А за ним, в шаге, адъютант, старший лейтенант.
Ещё в шаге по бокам — два матроса.
Ленточки полощутся над бушлатами, значит быстро
идут.
Да и по плечам видно.
А дальше назад — ещё матросы, это как подкова сзади.
И в обхвате её — ещё офицеры разных чинов, тут и
капитаны первого ранга.
Кто непроницаем. Кто явно перепуган. Никто не ждал.
Никто не готов. Кто из нас когда готов к перевороту
собственной жизни?
Позади края матросской подковы сходятся в одну
густую матросскую толпу.
Вот так, толпой человек в шестьдесят, не строем, не
конвоем, но сгущённо-злой толпой, с карабинами,
стволы вперёд и вверх,
они ведут
кучку офицеров в середине,
безоружных, свободны бока от кортиков.
Идут матросы уверенно, жестоко зная, куда.
Неотмеренный слитный топот.
Такая ли форма матросская, такая ли жизнь
матросская или особый их подбор, — но почему они
кажутся так свирепо беспощадны?
Иные лица — уже за гранью человеческого выражения.
Откуда столько зла?
А лица офицеров — кость другая? другой обиход? —
при сходной же чёрной форме развитость и
тонкость.
И — смятенье сейчас, и оглядка потерянная.

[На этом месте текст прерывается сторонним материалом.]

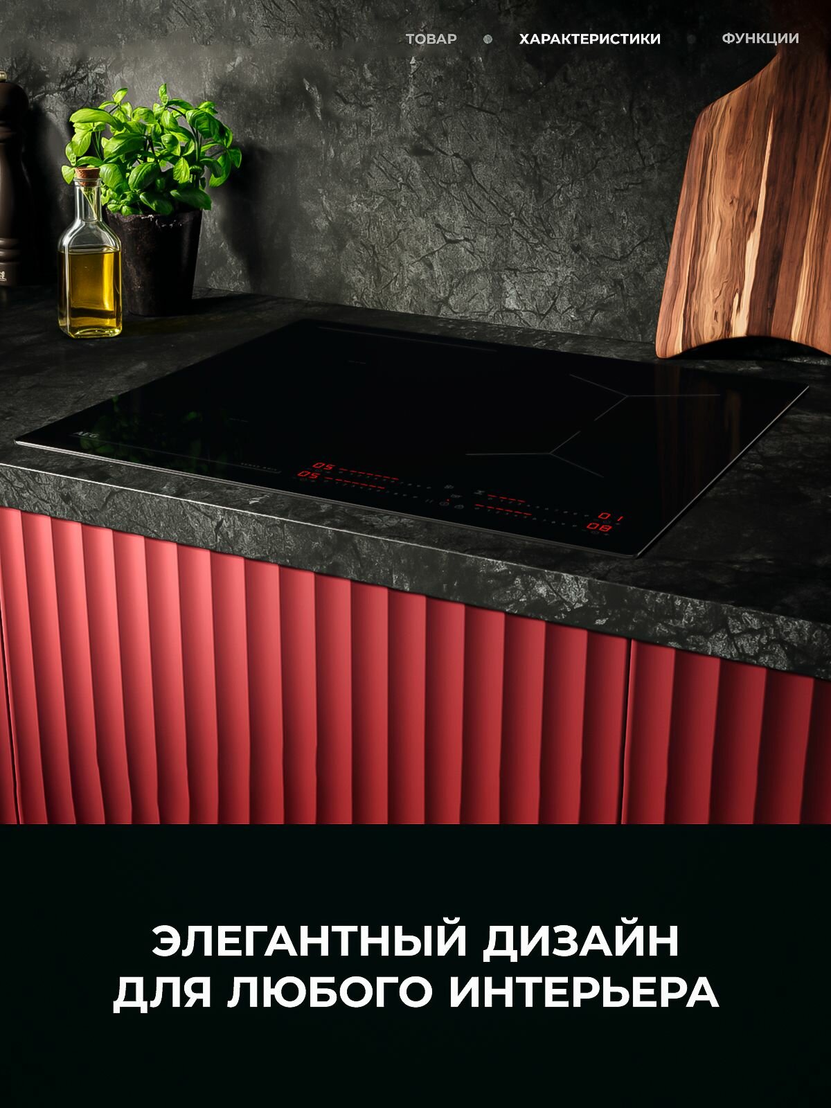 - Bridge (Объединение зон): Позволяет использовать две левые зоны как одну большую для крупной посуды.
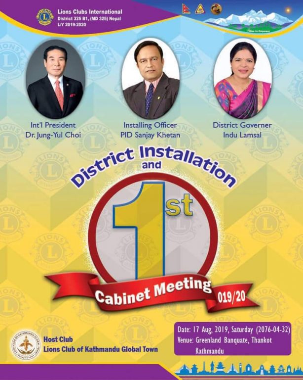 काठमाडौं- लायन्स क्लव ईन्टरनेशनल ३२५ बि १ को पहिलो डिस्ट्रिक्ट ईन्सटलेशन तथा यस वर्षको प्रथम क्याविनेट मिटिङ आगामी अगष्ट १७ अर्थात साउन ३२ गते शनिबार हुने भएको छ । ग्रिनल्याण्ड ब्याङ्क्वेट, थानकोट, काठमाडौंमा हुने १०२ औँ अन्तर्राष्ट्रिय कन्भेन्सनमा एकैपटक ८४ वटा नयाँ क्लब खोलेर संसारकै नम्बर १ हुन सफल लायन ईन्दु लम्सालद्वारा नेतृत्व गरिएको डिस्ट्रिक्टको प्रथम क्याविनेट मिटिङलाई बिशेष महत्वका साथ हेरिन्छ। यो बैठकमा १०० भन्दा धेरै नयाँ क्लवको समुद्घाटन गरिने र नयाँ क्लवका सबै संस्थापक अध्यक्षहरुलाई सम्मान गरिने कार्यक्रम रहेकोछ। विश्व भरी लायन्स क्लवलाई मानवीय सेवा र सामाजिक क्रियाकलापका निम्ति अब्वल मानिन्छ।

О, им вместе не жить! Как же вместе жить этим двум
породам?
вот, идущим в одном кадре.
Куда идущим?
Офицеры догадываются. Они же знают, как этой ночью
на других кораблях...
И матросы — знают.
И не колеблются нисколько.
Если бы матросы шли строем — то не так бы жутко. А
вот — толпой, плечо к плечу, почти челюсть к
челюсти, ствол к стволу, идут, уверенно прут вперёд!
Топот по снежной дороге.
Понизу
одни ноги, у земли.
Тут, в ногах, в чёрных брюках, больше похожи
ведущие и ведомые.
= И адмирал, с отзывчивым подвижным лицом, позади
себя ощущая этот напор и скорость, не обернувшись,
чувствует их, —
и так же уверенно и поспешно идёт.
Как будто их ведёт!
Да! Как будто это он ведёт их, по своему
адмиральскому замыслу.
Ведёт эту кучку, как он вёл весь флот.
Подрагивают его пушистые усы, сметливые глаза.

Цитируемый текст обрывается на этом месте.